Home Brooklyn Life Brooklyn Morning – Food Cart Woes at Atlantic-Pacific

by Idil Abshir

For food cart vendors after Thanksgiving, the pace of business leaves room for more. (Idil Abshir/The Brooklyn Ink)
For food cart vendors after Thanksgiving, the pace of business leaves room for more. (Idil Abshir/The Brooklyn Ink)

After Thanksgiving people often feel rejuvenated, ready to power through to Christmas. For food cart vendors however, the days after the turkey and dressing, cranberry and pies, signal one thing: bad business.

Sam Dib, a coffee and donut vendor on Atlantic Avenue and Pacific streets, says that he doesn’t really get customers until the new year. “Until maybe January 15,” he said.

Another vendor, Ziyad Khan, who was set up half a block away, said that in the days between Thanksgiving week and December 1, he gets practically no business at all. “Last week was very slow,” said Khan, “and this week too.”

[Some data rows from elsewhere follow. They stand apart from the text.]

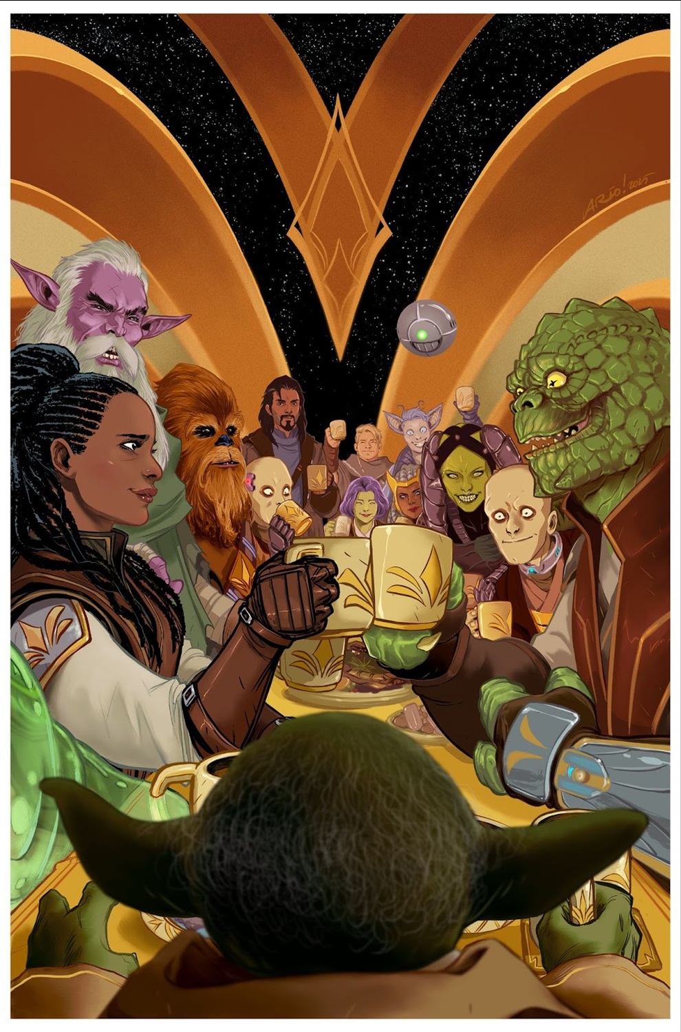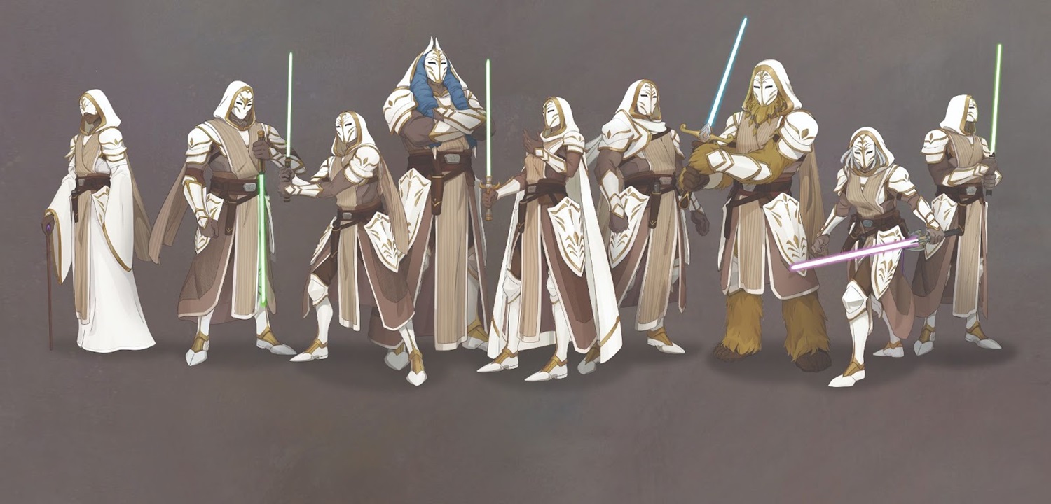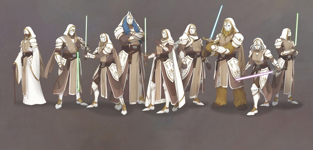 “Everything now depends on nine brave Jedi, led by Avar Kriss and Elzar Mann, who embark on a treacherous journey to the Nameless homeworld. Their quest: to finally solve the mystery of the Nameless and their connection to the Force, and to stop the blight before its damage becomes irreversible. But a final confrontation with Marchion Ro awaits. Ro, who is willing to sacrifice everything he’s achieved to secure a final victory against the Jedi and carve his name into the very stars for all time. Nothing less than the fate of everything, perhaps even the Force itself, is at stake." Below take a look at the “Luminous Nine" concept art by Minji Yoon, which includes the Jedi (or former Jedi) characters of Azlin Rell, Bell Zettifar, Reath Silas, Torban Buck, Avar Kriss, Elzar Mann, Burryaga, Ty Yorrick, and Terec.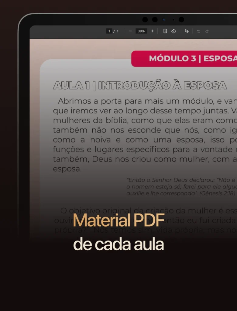As aulas são divididas em módulos que gradativamente vão aprofundando em temas relevantes para o dia a dia de toda mulher Cristã.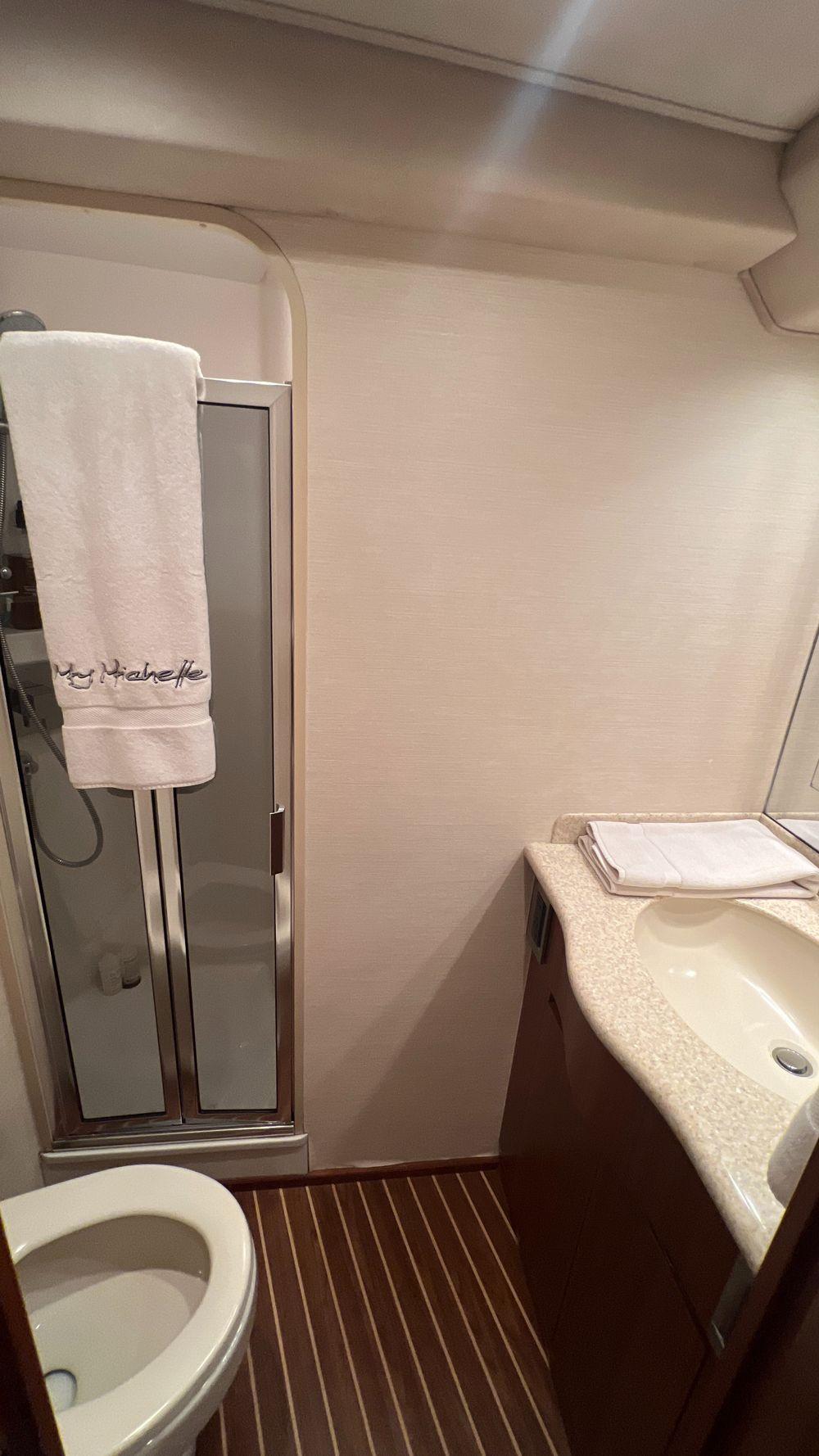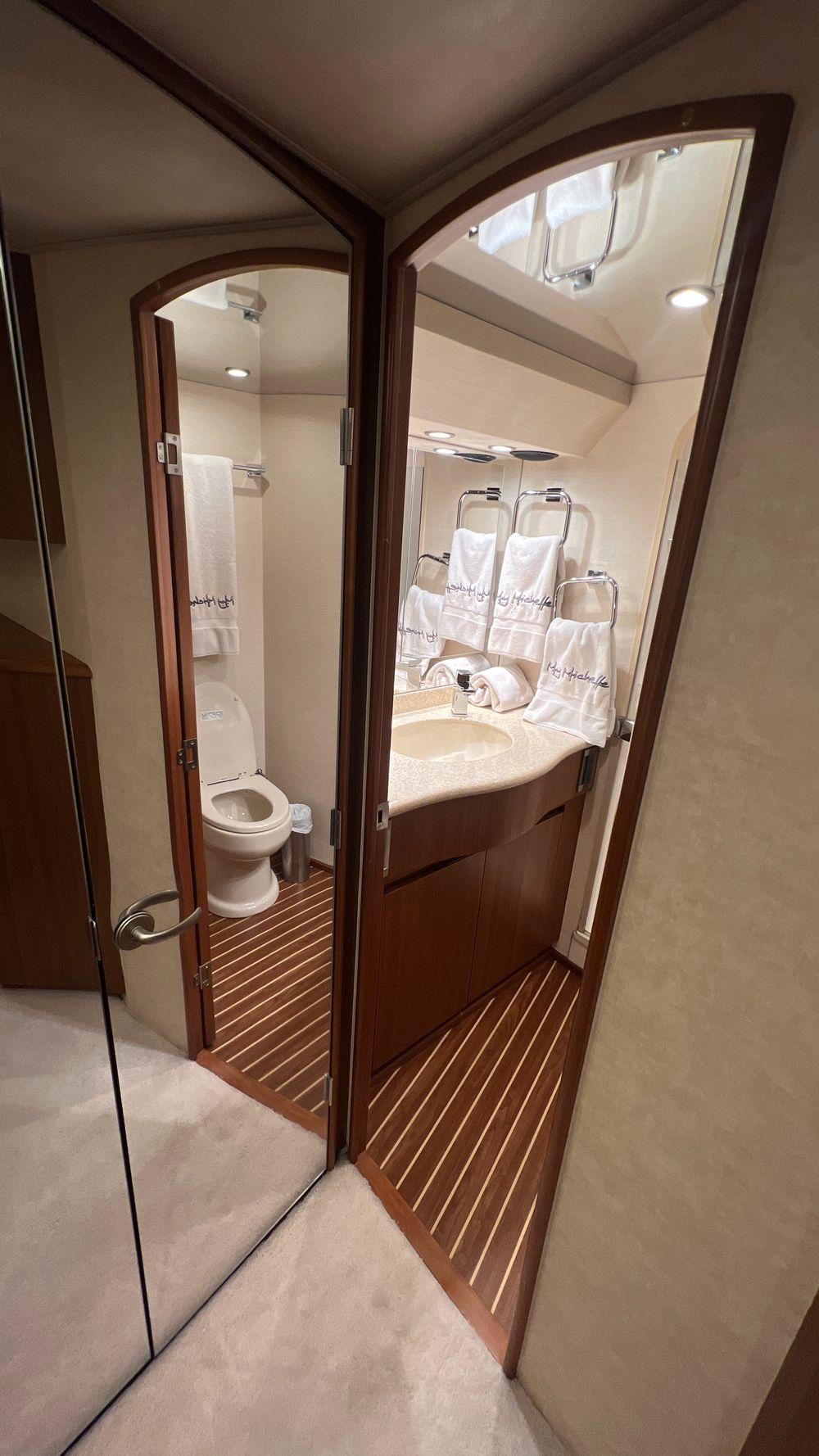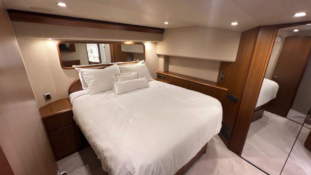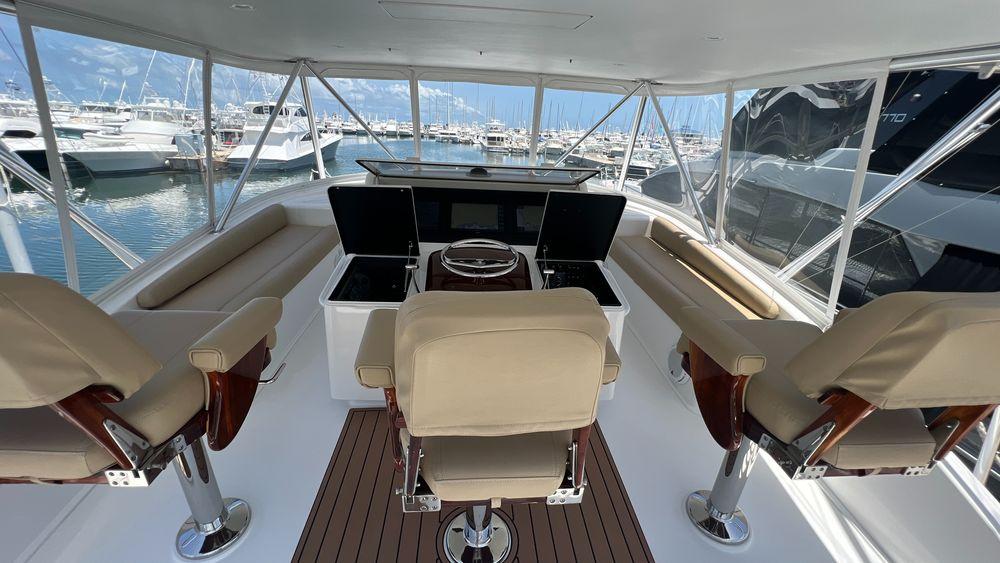 Custom stone galley countertops with high glass teek interior. Another custom feature is the custom Palm Beach Tower, with upgrade Garmin electronics package. Recent hall side paint with a stunning “Haze Grey” color. If you are looking for a 60’ Class 4 stateroom convertible that is captain maintained, with many custom upgrades then you should definitely take a look at “My Michelle”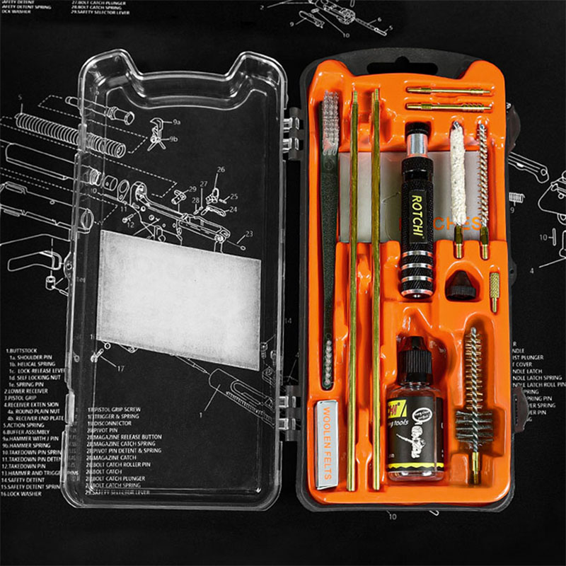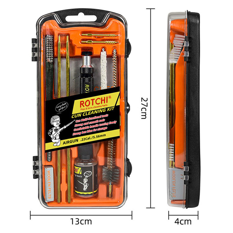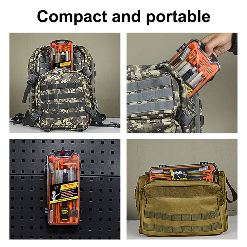 Setul de curățare a puștii sticla de ulei de carcasă portocalie vă oferă instrumentele complete de curățare profesionale pentru a face față diferitelor calibre ale armelor. Tăvile cu blistere vă ajută să le colectați în mod regulat. Volumul mic și carcasa puternică vă pot permite să le puneți în cutii de arme sau în saci. Seria este fără sticlă de ulei.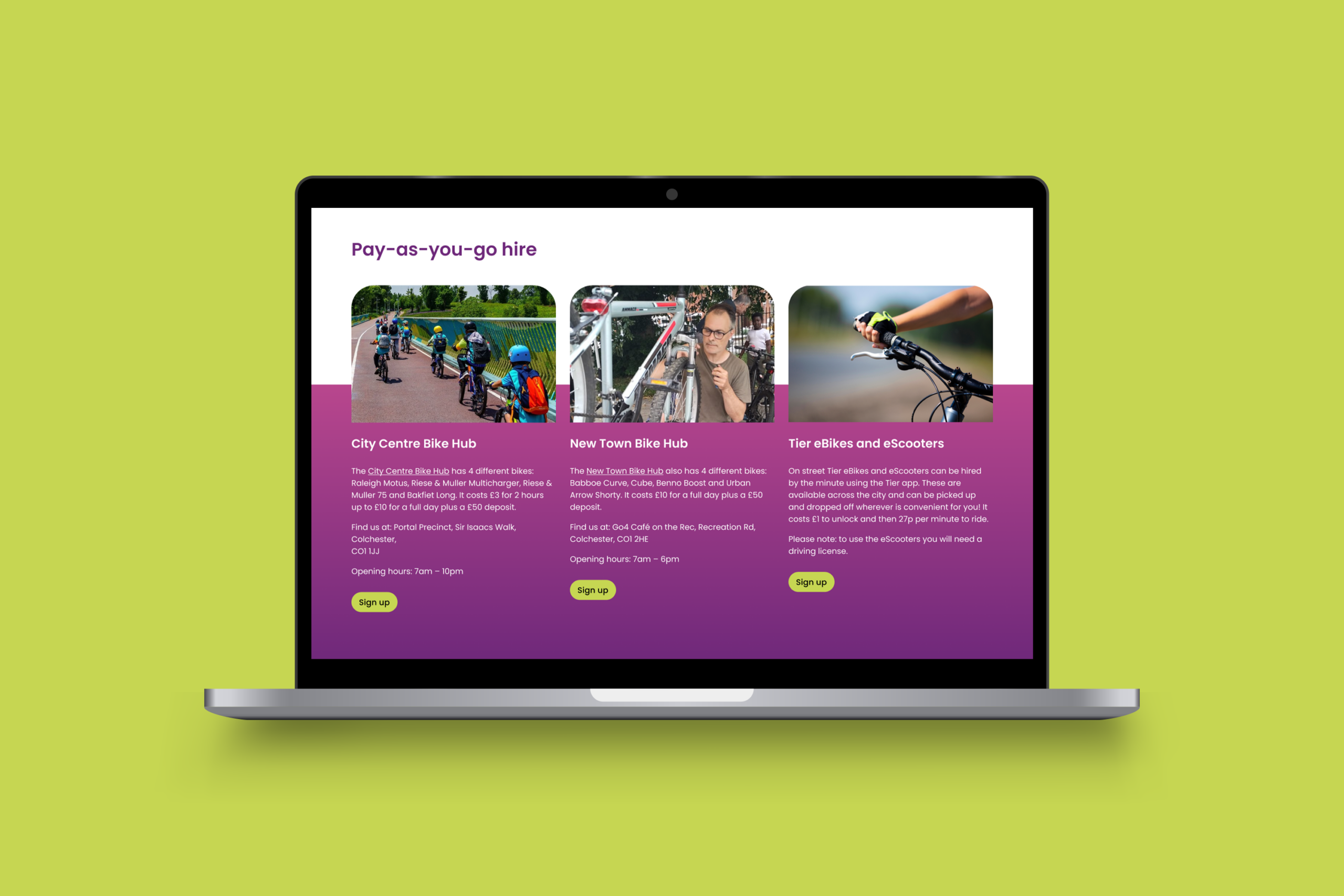 Take a look at the features we introduced to ensure the site met the cycling needs of the people of Colchester.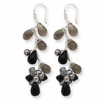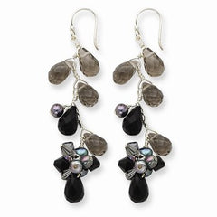 Sterling Silver Smoky Jet Crystal/Freshwater CulturedPeacock Pearl Earrings

They stood in their carts, silently waiting for people to emerge from an approaching train. Khan had all his food and condiments lined up, but he got no takers. Dib talked to a taxi driver, their conversation interrupted as the taxi driver repeatedly offered his services to passers by.

”We don’t know what will happen, but we wait,” said Dib. “It will get better next year.”

Khan is an optimist, too. “The food will continue to sell. It is slow, but we will make something,” he said. “People have to eat. They can’t starve.”